Rosa Bielsa
- Full name: Rosa Bielsa-Hierro
- Country (sports): Spain
- Born: 9 January 1966 (age 59)
- Prize money: $36,823

Singles
- Highest ranking: No. 230 (11 September 1989)

Doubles
- Highest ranking: No. 176 (7 November 1988)

Grand Slam doubles results
- French Open: 1R (1989)

Medal record
Universiade
| Bronze medal – third place | 1991 Sheffield | Women's singles |
| Bronze medal – third place | 1991 Sheffield | Mixed doubles |

= Rosa Bielsa =

Spanish tennis player (born 1966)

Rosa Bielsa-Hierro (born 9 January 1966) is a Spanish former professional tennis player.

==Biography==
Bielsa competed in two Federation Cup ties for Spain, both in the 1985 edition, as the doubles partner of Ana Almansa. The pair won the deciding doubles rubber against Hong Kong, to advance to a second round fixture against Australia, which they and their teammates lost 0–3.

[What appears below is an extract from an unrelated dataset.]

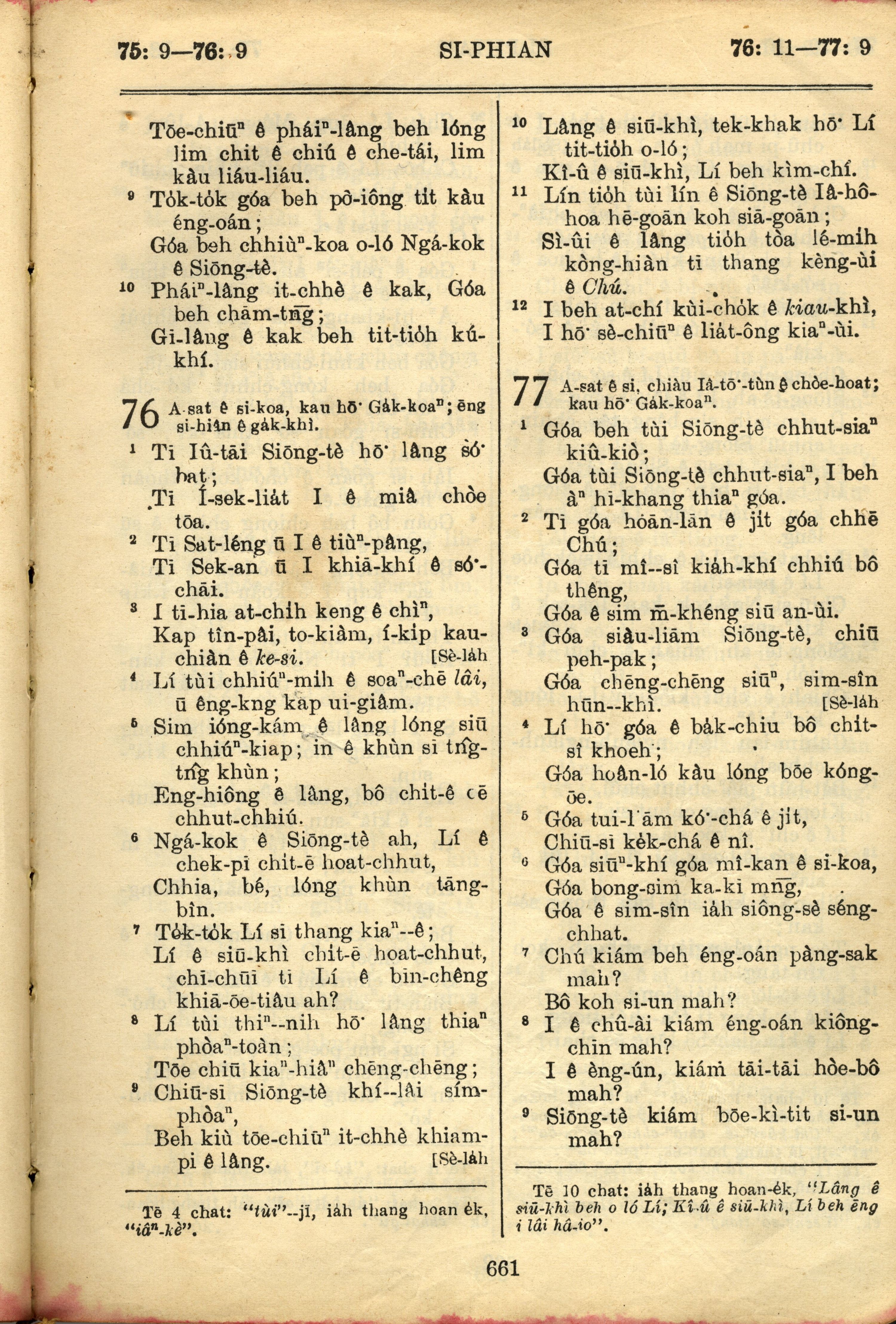 1957年巴克禮全羅台語聖經串珠版 詩篇 75 章 9 節到 77 章 9 節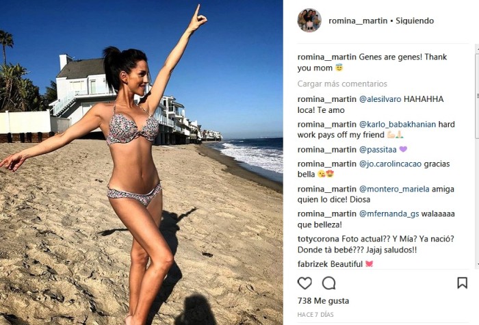 Además de las felicitaciones por su hija, Romina sorprendió por su escultural figura a menos de un mes de haber dado a luz. La ex participante de "Pelotón" confesó que subió 12 kilos durante su embarazo, el que comenzó con 48. "Yo sumé 12 kilos durante mi embarazo y a los tres días de haber tenido a Mía bajé siete. Empecé el embarazo con 48 y hoy a tres semanas de ser mamá estoy en 52", comentó.

At the 1989 French Open she lost in the qualifying draw for the singles but featured in the main draw of the women's doubles, with Soviet player Eugenia Maniokova.

Bielsa won two medals for Spain at the 1991 Summer Universiade in Sheffield, a bronze in the singles and a bronze in the mixed doubles.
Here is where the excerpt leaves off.